面向分布式列式存储的轨迹大数据<i>k</i>近邻查询

余列冰; 向隆刚; 孙尚宇; 关雪峰; 吴华意

doi:10.13203/j.whugis20200136

摘要: 针对轨迹大数据的高效点-轨迹k近邻（point to trajectory k nearest neighbor, P2T_kNN）查询处理需求，提出了一种融合时空剖分和轨迹分段的轨迹组织方法，其核心思想是在对轨迹作时间剖分的基础上，利用离散全球网格系统（discrete global grid system, DGGS）在空间上进行再次剖分，从而利用两次剖分得到的时空单元编码来索引落入其中的轨迹片段。在此基础上利用分布式列式存储技术设计了面向轨迹大数据的P2T_kNN查询处理框架，提出了一种顾及轨迹数据空间分布的自适应空间单元搜索算法，即通过分析轨迹数据在给定时间约束下的空间分异特征，动态调整空间单元的搜索步长，从而提升了轨迹稀疏区域的处理效率。针对亿级轨迹的实验结果表明，该方法适用于轨迹大数据的P2T_kNN查询处理，在轨迹稠密与稀疏区域的平均查询响应时间均小于1 s。

Abstract:

Objectives With the advancement of mobile object tracking technologies, huge volumes of spatiotemporal data have been accumulated in the form of location trajectories. Such data bring us new opportunities and challenges in efficient trajectory retrieval. Among them, point to trajectory k nearest neighbor (P2T_kNN) query plays a pivotal role in many mobile object-oriented analyses and applications. It has been widely used in tracing the source of infectious diseases, recommending travel routes, and generating and updating local road networks based on trajectories.
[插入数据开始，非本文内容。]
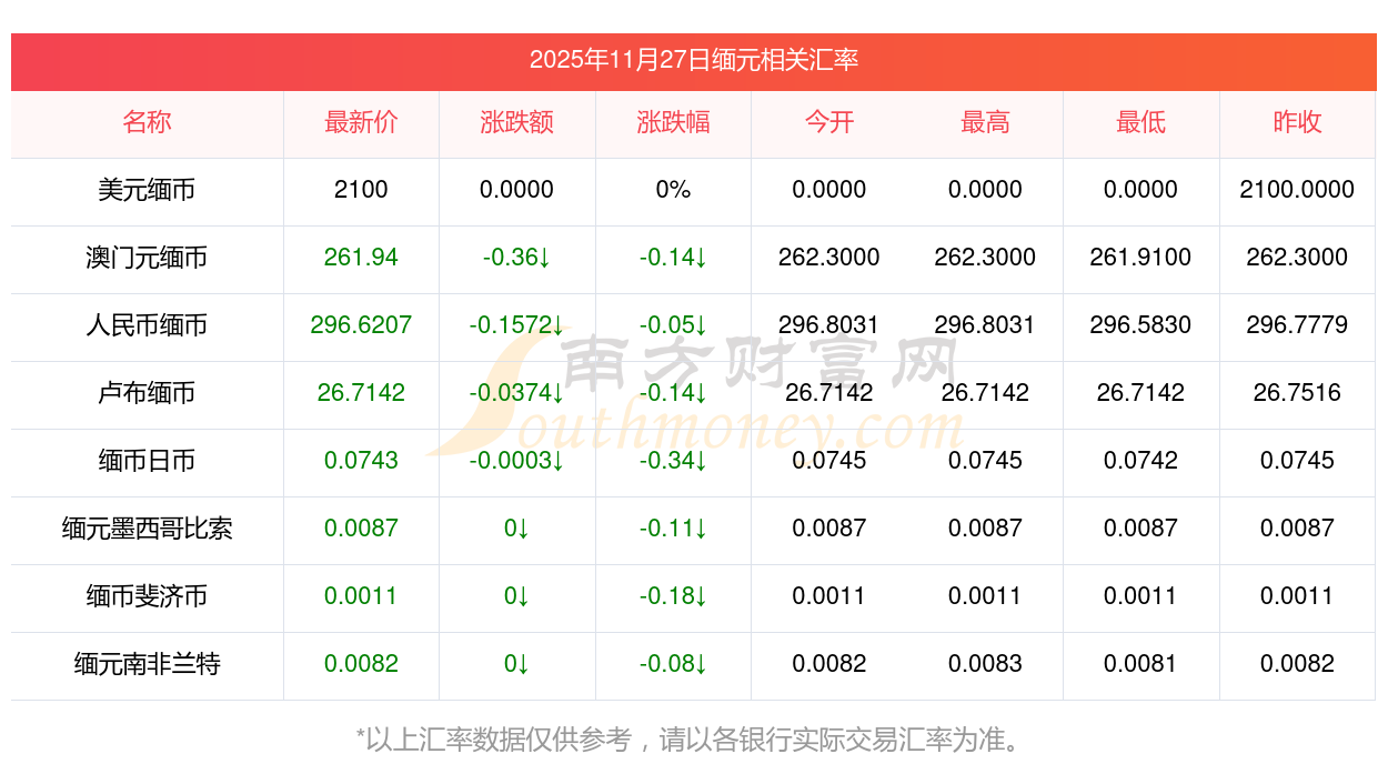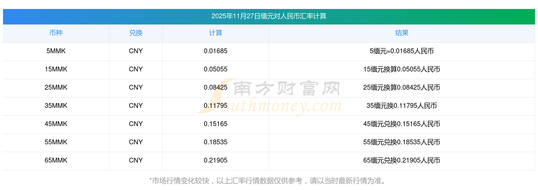 南方財富網(wǎng)為您提供緬元對人民幣匯率最新價格詳情。

Methods Aiming at the requirement of efficient P2T_kNN query processing for large-scale trajectory data, a trajectory organization method combining spatiotemporal segmentation and trajectory segmentation is proposed. The core idea is to use the discrete global grid system (DGGS) to segment the trajectory in spatial based on the previous time division. The spatiotemporal cell encoding is applied to index the trajectory segments falling in it. In order to realize efficient encoding of spatiotemporal cells, three concatenated encoding structures of spatiotemporal divide and conquer are proposed to solve the huge difference in dimension and scale between temporal dimension and spatial dimension. Based on above, a P2T_kNN query processing framework for distributed column-oriented storage is designed, and an adaptive spatial cell search algorithm that takes into account the spatiotemporal distribution of trajectory data is proposed. The step size for spatial cell searching is adaptively set according to the spatial stratified heterogeneity of the trajectory data under the given time constraint, which greatly improves the search efficiency of areas with sparse trajectory data.
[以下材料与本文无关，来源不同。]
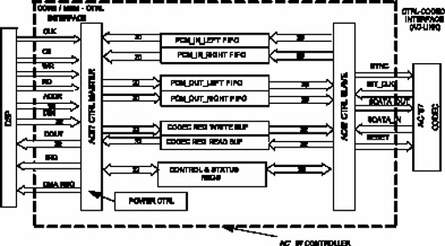 AC'97系统由音频编解码器(Codec)和音频控制器(Controller)两个部分组成。其中音频编解码器实现A/D、D/A转换、音效处理等功能,而音频控制器则是SoC内核与音频编解码器之间的数字接口,负责控制数据和音频数据的串/并、并/串转换以及传输。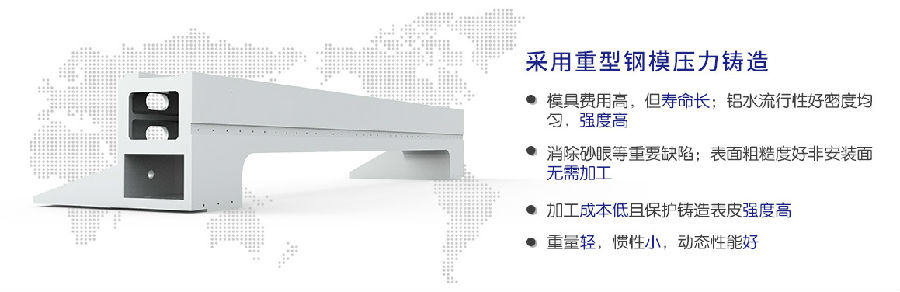 采用一體化設(shè)計思路,重型碳素機(jī)構(gòu)床身,去應(yīng)力退火處理、龍門銑加工中心

Results Experimental results based on billion-level trajectories show that the method is suitable for P2T_kNN query processing of big trajectory data. (1) Different encoding structures are suitable for different query scenarios. Appropriate encoding structure can be used to make query response time less than 1 s. (2) Adaptive spatial cell search algorithm can significantly improve query efficiency, making the average query response delay of random one thousand queries less than 1 second on both dense and sparse areas. (3) The spatial cell?s k rate has an important influence on the query. After the k rate reaches 0.5, the query response time tends to balance.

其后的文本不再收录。